At a time when we should be approaching our mental peak, the baby boomers are settling for laugh tracks instead of literature, and supermarket muzak instead of something by the Strokes or the Hives. The boomers no longer need a babysitter if they want to go out stepping, but they still don’t go out. It’s so much easier to sit home in front of the TV with the remote in one hand and a can of Bud in the other. We baby boomers may be the richest and most powerful generation in American history, but we are, by and large, too lazy to use our clout. Our waistlines get bigger, our capacity for mental adventurousness gets smaller, and our idea of high tragedy is Jerry Garcia dying of a heart attack while in rehab.
I can reach millions of people with this column, but I can’t convince them that this is a very bad time to go to sleep. Outside, the world is changing rapidly. Inside, too many of us are sitting at home on our ever-expanding asses, watching Gilligan on TV Land. At the time we baby boomers were buying our first hardcover books, we were apt to question authority (and very likely flout it). Now, however…maybe Bob Dylan said it best (he often does): „I used to care, but things have changed.”

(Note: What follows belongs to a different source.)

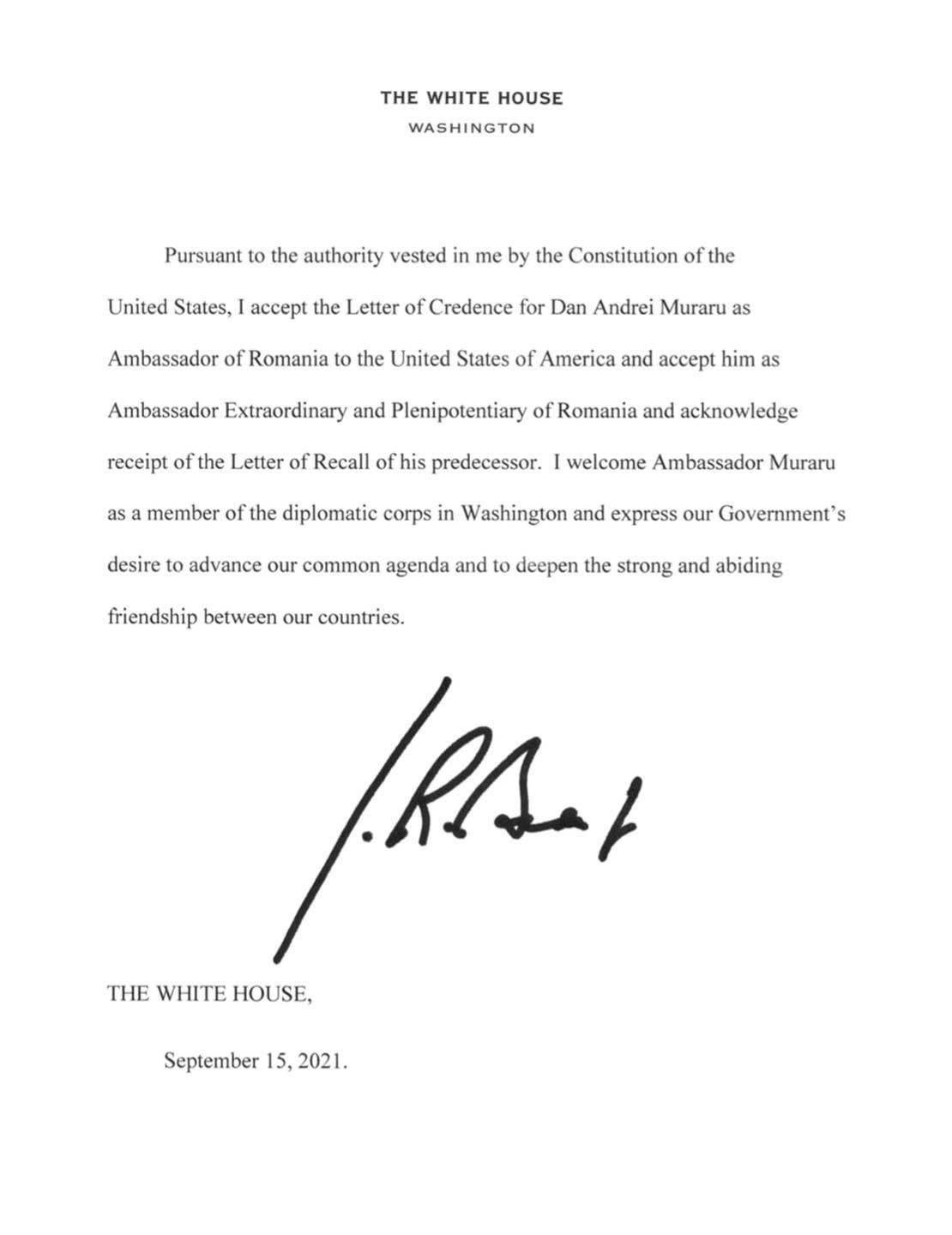 Deputatul Andrei Muraru anunță că este onorat să primească scrisoarea Președintelui Joe Biden, prin care este oficial acreditat, cu drepturi depline, ca ambasador extraordinar și plenipotențiar al României în SUA.

If you’ve read this far, you’ve reached the end of the column, and the end of this week’s EW. Why not put it aside, therefore, and visit the nearest bookstore? Buy a novel with interesting stuff on the dust jacket. Then hit the record store across the street – I recommend Kid Rock or Drive-By Truckers, maybe Marty Stuart’s really excellent CD „The Pilgrim.” The brain is the most obedient organ in the body; if you tell it to shut up awready and stop bothering you, it will. I hope you don’t do it. Fifty-five, even 60 isn’t too old to rock & roll; you’re still young enough to boogie. Just don’t go to sleep, okay? Please don’t go to sleep.